When Speakup got started, there was a tradition in the community of people building talking boot media. Back in the day (2000 or so), it was floppies. You could go to the Speakup site, grab the boot floppy for your distro, and do the install. A modern example is Bill Acker’s Speakup Modified Fedora install ISO. Some distributions actually include Speakup on their media, and I’ll discuss that shortly. I was just continuing in the grand old tradition of supplying install media with built-in speech.

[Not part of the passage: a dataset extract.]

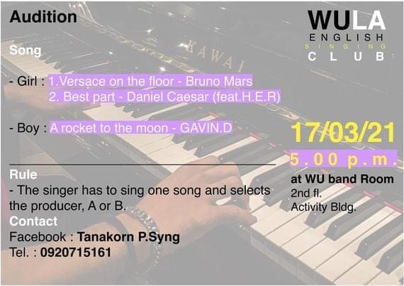 5. WULA English Singing Club วันพุธ 17, 24 และ 31 มี.ค. เวลา 17.00-19.00 น. ห้อง WU Band ชั้นสอง อาคารกิจกรรมนักศึกษา (นักศึกษาที่ชื่นชอบการร้องเพลง ดูรายละเอียดการ Audition ที่รูปเลยค่ะ)

I soon contacted Aaron Griffin and others about my little project. We discussed the possibility of including Speakup in the official Arch media. It’s certainly feasible, but here’s the problem. In order for this to work, the blind user has to be willing to type some parameters at a boot prompt. That’s doable, especially if the boot loader is set up to beep at the boot prompt, and the machine has a console speaker. Yes, I mean the old PC speaker that has been with us since the dawn of time. I think my friend Karl calls it a toggle speaker. They’re invaluable if you’re blind! Unfortunately, not all new machines have them. If you’re booting from CD, you can also listen to the sound of the drive to know when you’ve reached the prompt. This is effective if there’s a long timeout at the boot prompt. Anyway, it’s certainly nicer to just have a system that comes up talking as soon as it’s booted. There’s no “blind” typing. So the long and the short of it is that we discussed folding Speakup into the official media, and I think most of us came out against it. All of that discussion is probably available in mailing list archives somewhere, since the Internet never forgets! I kept on doing TalkingArch releases.
Thus was born TalkingArch, a derivative of the Arch install media including accessibility for the blind. After my second or third release in March 2009, Alan McRae asked me if I was interested in becoming a TU. I applied, and he sponsored my application. I was a TU until October of 2012. Arch has a great community, and it was good to be part of that.
So now you know a little bit of the history behind this project. I think it has a bright future ahead, and I wish Kyle and Kelly the best of luck with it.